-- Information shown follows --

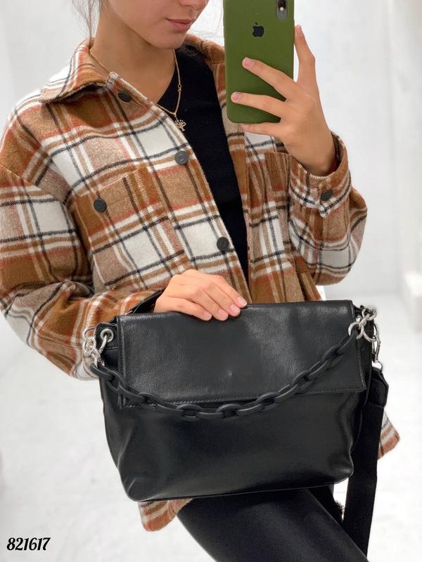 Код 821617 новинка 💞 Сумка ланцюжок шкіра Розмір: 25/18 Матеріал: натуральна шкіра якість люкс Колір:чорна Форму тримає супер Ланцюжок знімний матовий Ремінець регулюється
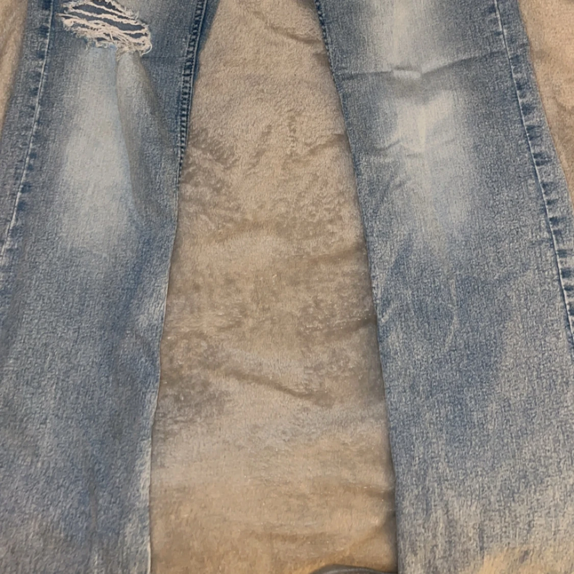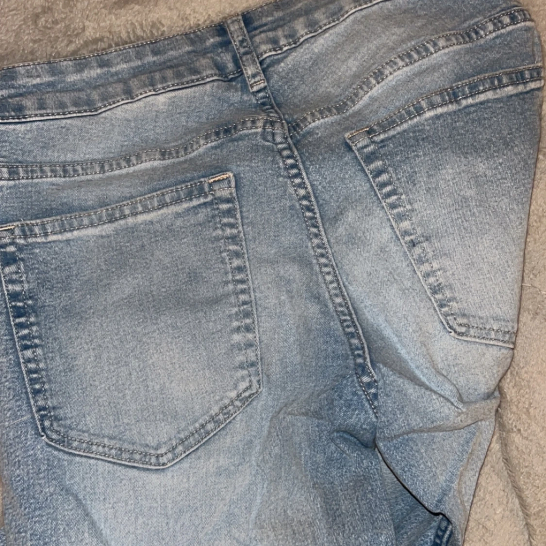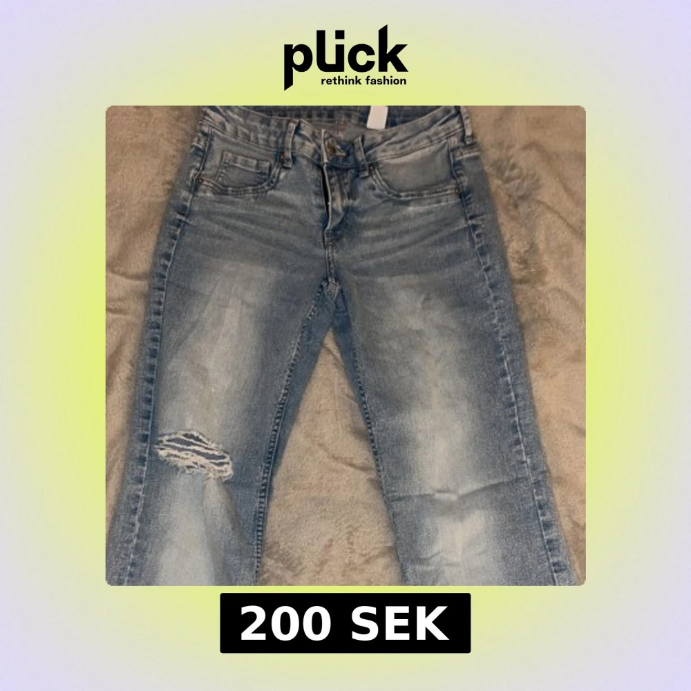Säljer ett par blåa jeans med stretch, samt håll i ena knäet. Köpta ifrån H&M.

-- Information shown concluded --
-- Information shown follows --

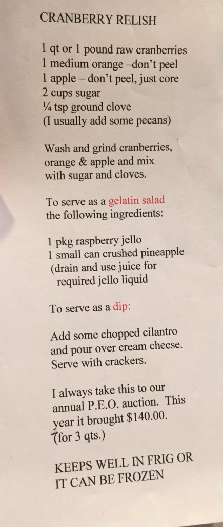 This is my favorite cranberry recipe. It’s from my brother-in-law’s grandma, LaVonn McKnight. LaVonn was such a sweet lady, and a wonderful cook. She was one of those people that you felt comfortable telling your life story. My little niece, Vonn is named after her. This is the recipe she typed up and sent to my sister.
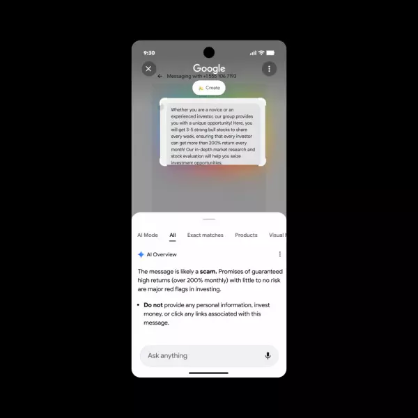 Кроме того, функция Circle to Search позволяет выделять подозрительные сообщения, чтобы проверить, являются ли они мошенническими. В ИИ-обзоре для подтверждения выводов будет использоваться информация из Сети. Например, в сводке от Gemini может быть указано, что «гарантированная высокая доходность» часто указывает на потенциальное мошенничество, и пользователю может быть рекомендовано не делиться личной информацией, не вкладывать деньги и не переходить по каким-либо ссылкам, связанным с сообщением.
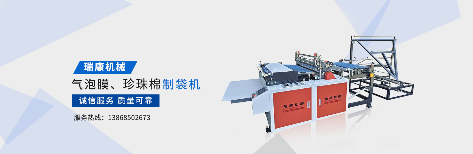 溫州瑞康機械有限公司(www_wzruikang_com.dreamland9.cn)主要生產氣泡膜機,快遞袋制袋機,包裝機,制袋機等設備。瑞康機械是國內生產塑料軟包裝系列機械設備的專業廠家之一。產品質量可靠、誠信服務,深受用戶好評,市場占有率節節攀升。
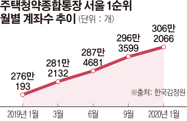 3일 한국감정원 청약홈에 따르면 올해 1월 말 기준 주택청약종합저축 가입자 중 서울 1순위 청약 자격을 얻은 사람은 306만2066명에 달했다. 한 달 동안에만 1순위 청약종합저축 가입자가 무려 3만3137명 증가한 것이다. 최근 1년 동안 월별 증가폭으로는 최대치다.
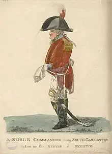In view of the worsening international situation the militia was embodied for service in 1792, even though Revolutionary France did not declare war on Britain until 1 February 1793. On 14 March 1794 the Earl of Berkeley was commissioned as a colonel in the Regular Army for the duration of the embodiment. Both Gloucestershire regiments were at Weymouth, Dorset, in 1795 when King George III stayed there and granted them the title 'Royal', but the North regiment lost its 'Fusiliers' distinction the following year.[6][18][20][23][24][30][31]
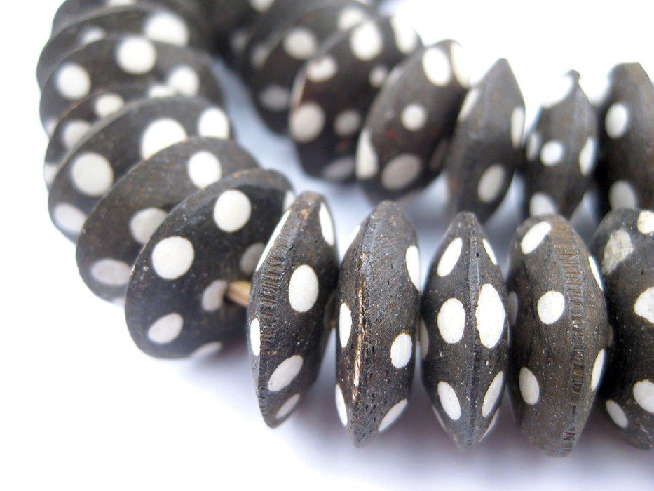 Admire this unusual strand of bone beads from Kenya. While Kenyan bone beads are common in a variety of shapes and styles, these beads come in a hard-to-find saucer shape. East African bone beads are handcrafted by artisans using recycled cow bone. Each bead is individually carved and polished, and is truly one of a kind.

-- Information shown concluded --

**What you are asked to do:** In the listing above, find the line with "Код 821617 новинка" and output every line through the one with "Säljer ett par", exactly, without the pictures.

**Output below:**
 Код 821617 новинка 💞 Сумка ланцюжок шкіра Розмір: 25/18 Матеріал: натуральна шкіра якість люкс Колір:чорна Форму тримає супер Ланцюжок знімний матовий Ремінець регулюється
Säljer ett par blåa jeans med stretch, samt håll i ena knäet. Köpta ifrån H&M.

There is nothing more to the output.